Enjoy your day and love from us xxx
Hi Gilly, you do know now you have Sky, getting your sports mad fella out of his warm, cosy seat, into a bracing outdoors, ain't going to be easy, but I know you'll find a way. But sorry LOH's phlegmy.
It must be tough for Sheila, all the warm weather, overlooking the Pacific watching migratory whales, and Koala's popping by, and the cockatoo's and flying foxes, how awful for her.
It's just the twins I'm looking after, their only 8 months old, already!!!, every one else has gone shopping, as are you my friend, and for cake too, it's still miserable outside here, so being indoors with the little ones is perfect, I hope your faring better in sunny Yorkshire.
love Eddie and twins xx
I lost my hair 2 weeks after chemo started but I'd been warned that my cocktail would cause it so I was prepared and just took it as part of my treatment. I joked that Alan and I would be like twins from the back
It's growing back now but still short.
H
Hi again Eddie.
I'm back from shopping, soaked, so it's just as well LOH stayed at home. I've just asked him what's on Sky sports today and he's planning on watching Bradford City this aft. I did buy some mega expensive treats but they're delicious so I'm not bothered. Such a shame it was raining and it's definitely not sunny.
Aw poor Sheila, forced to endure watching whales and other exotic wildlife, I'm shaking my head in exasperation for the poor lass
Anyway, enjoy the babies and being inside is the best place with all this dampness. I recommend a spot of toddler TV for enlightenment as it beats the news.
Have fun and cuddles for the twins xxx
Helen, trying to keep a sense of humour is hard. I always tried to make fun of myself. In my diaries I am up one minute, then down another, lots of blue language involved! I still think I am sensitive, that could be why I try to keep away from people who I don't know, and crowds.

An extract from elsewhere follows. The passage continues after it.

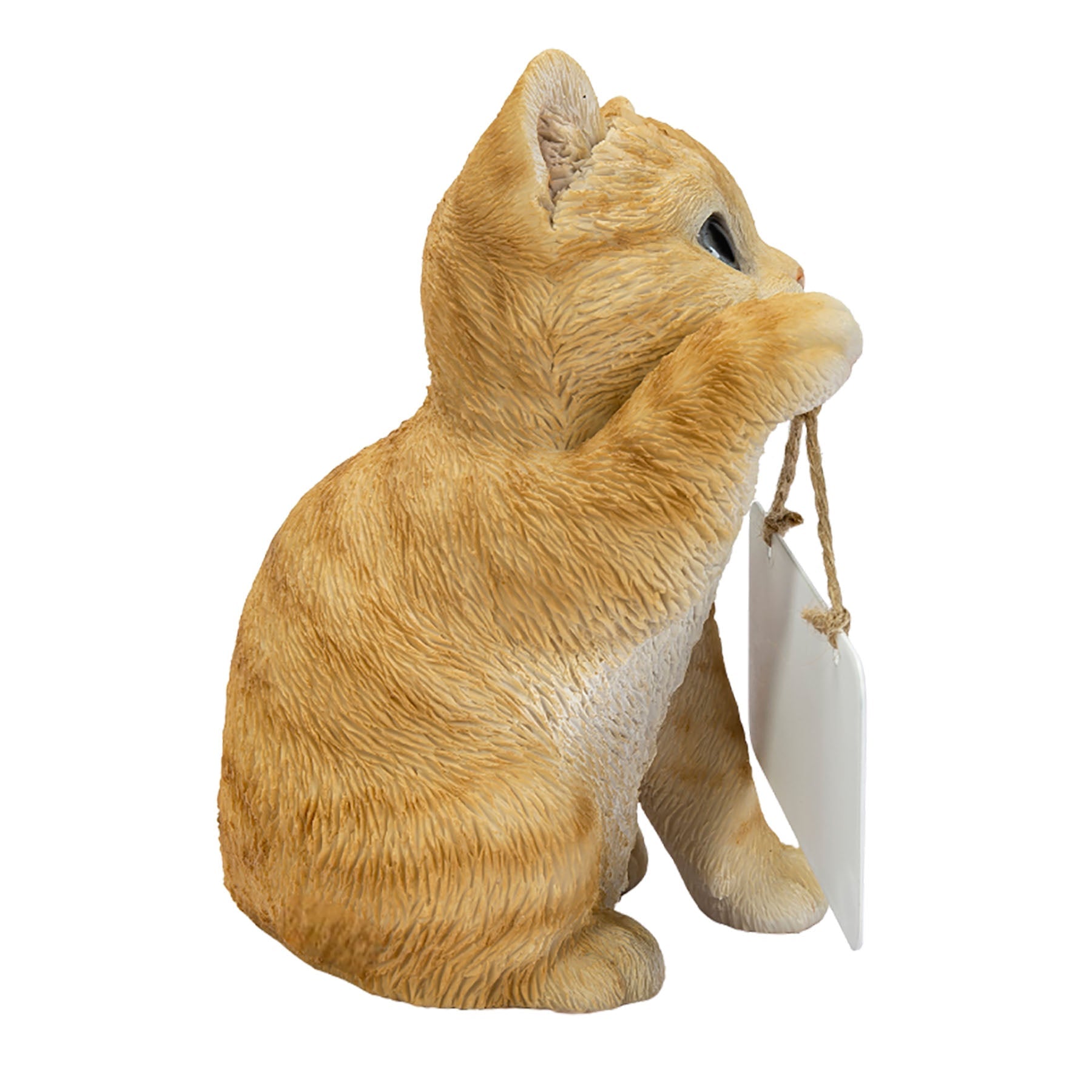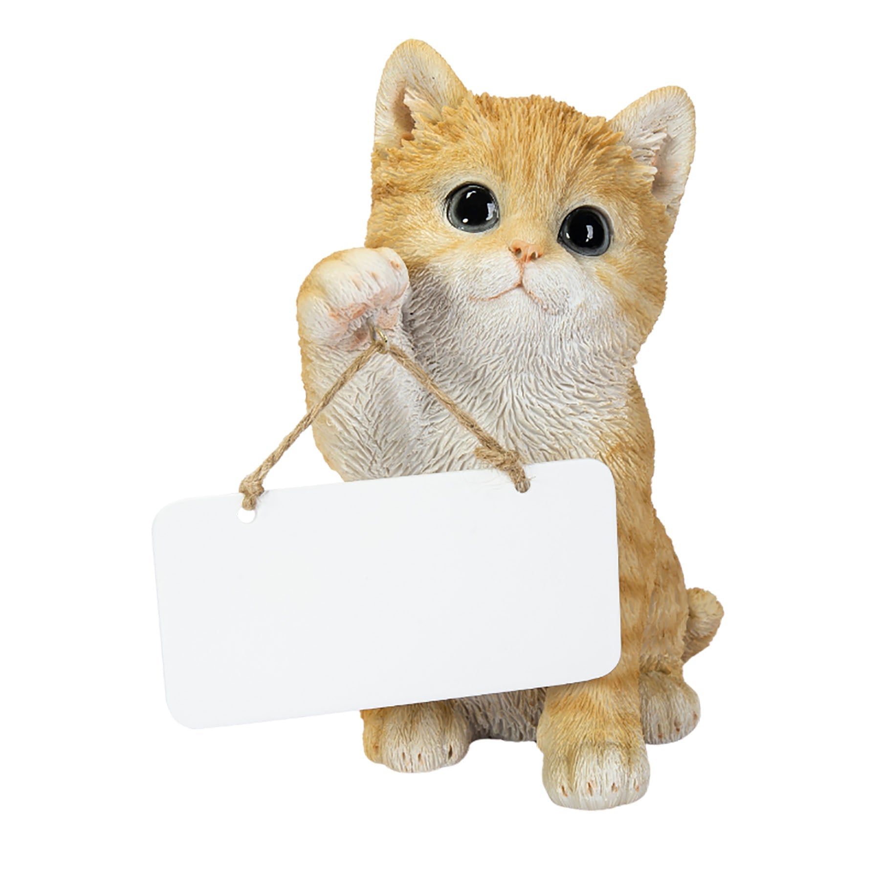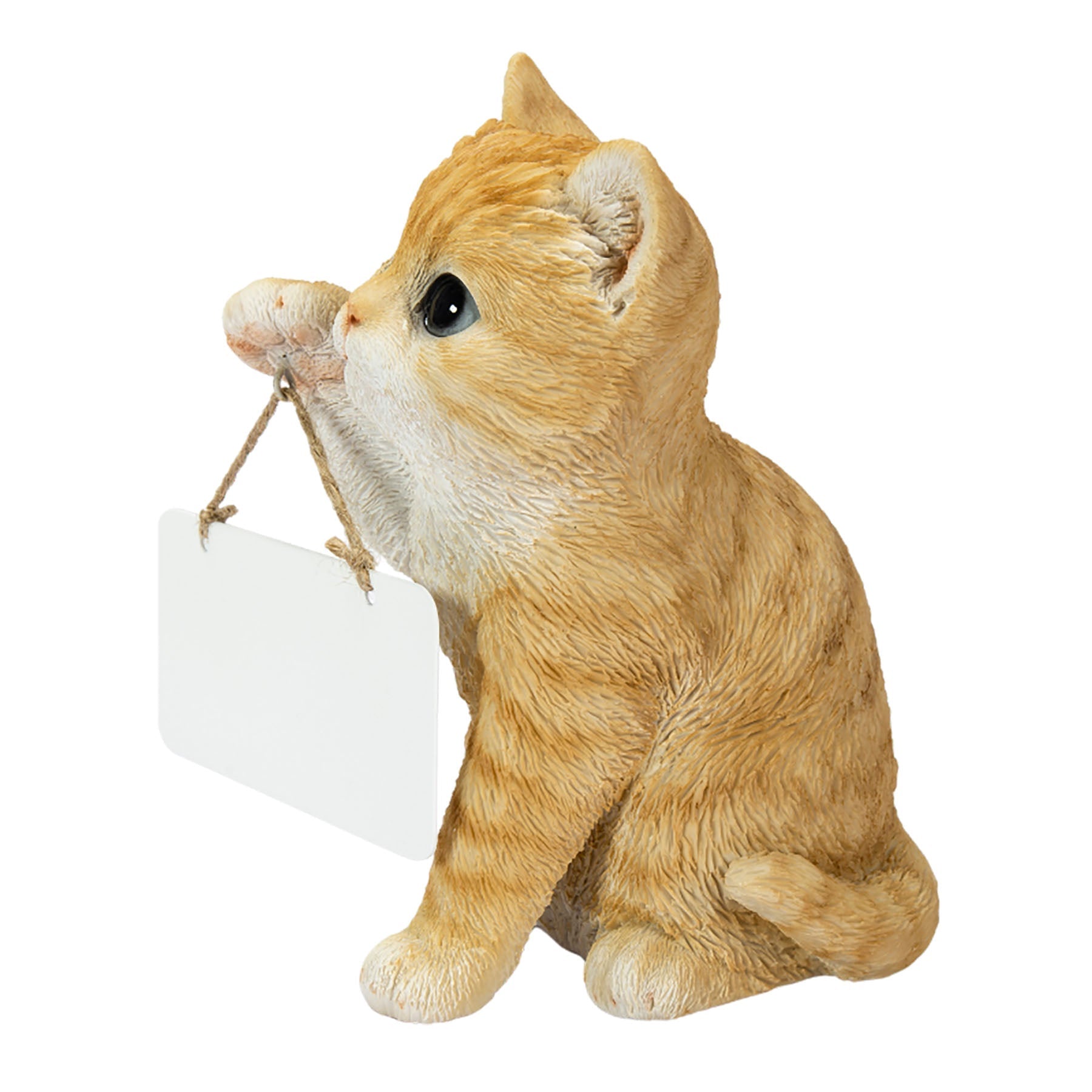 ●右手でボードを持つ茶トラ白猫は、手作り塗装なのに本物にそっくりな可愛らしいオブジェです。

I found it hard connecting with you all in this forum, being used to the Prostate forum. I'm finding it a lot easier now.
Steve (SteveCam)
Hi Steve.
Keeping a SOH is the way forward, along with loads of ripe language. It works for me anyway. Crowds and strangers don't bother me but I avoid crowded places now, just because they're a bit iffy for my fella. It's tricky having to contend with his stoma in a public place but I've managed up to press. My 'death stare' is enough to put off anyone daft enough with, shall we say, an unkind approach. I reckon he likes having a minder when out and about.
You got away by the skin of your teeth having to put up with me on the Prostate forum, thanks to his acceptable PSA test, so think yourself lucky my fine young friend.
I'm gunning for City this aft, being a Bradfordian, but I reckon Farka's P45 is getting very hot if Leeds lose the next game. I don't want him to go but wish he'd get our lads to chase the opposition down. So frustrating to watch from my managerial armchair. Hmmm...
Farka's only four years older than my eldest lass and that realisation makes me feel absolutely ancient! xxx
We're all different, Steve and deal with things in our own way. I managed to stay mostly positive, the only meltdown I had was with a nurse over my wound not healing (it took 12 weeks) but luckily I worked with the nurse and she was really good about it.
I'm glad you're finding it easier to chat here, getting it off your chest helps I think.
H
Hey Gilly, happy days then, as you like the cold and rain, I hope your warm and dry now, with a well earned cuppa and a yummy treat, feet up, cheering on the Bantams.
We can have a collection for Sheila, the poor love stranded in hell, breaks my heart.
The girls are still out, the twins are asleep, after lots of play and cuddles, and the mango's are in hot water, so it's time to make lunch and maybe a desert, for the girls return.
love Eddie xx
Hi Helen, I'm really pleased your hair is growing back my friend, with not a hint of jealousy, honest, and couldn't agree more with the need for a sense of humour, and to be accepting of the dark times, if I need to cry, I do, and it doesn't bother me where I do.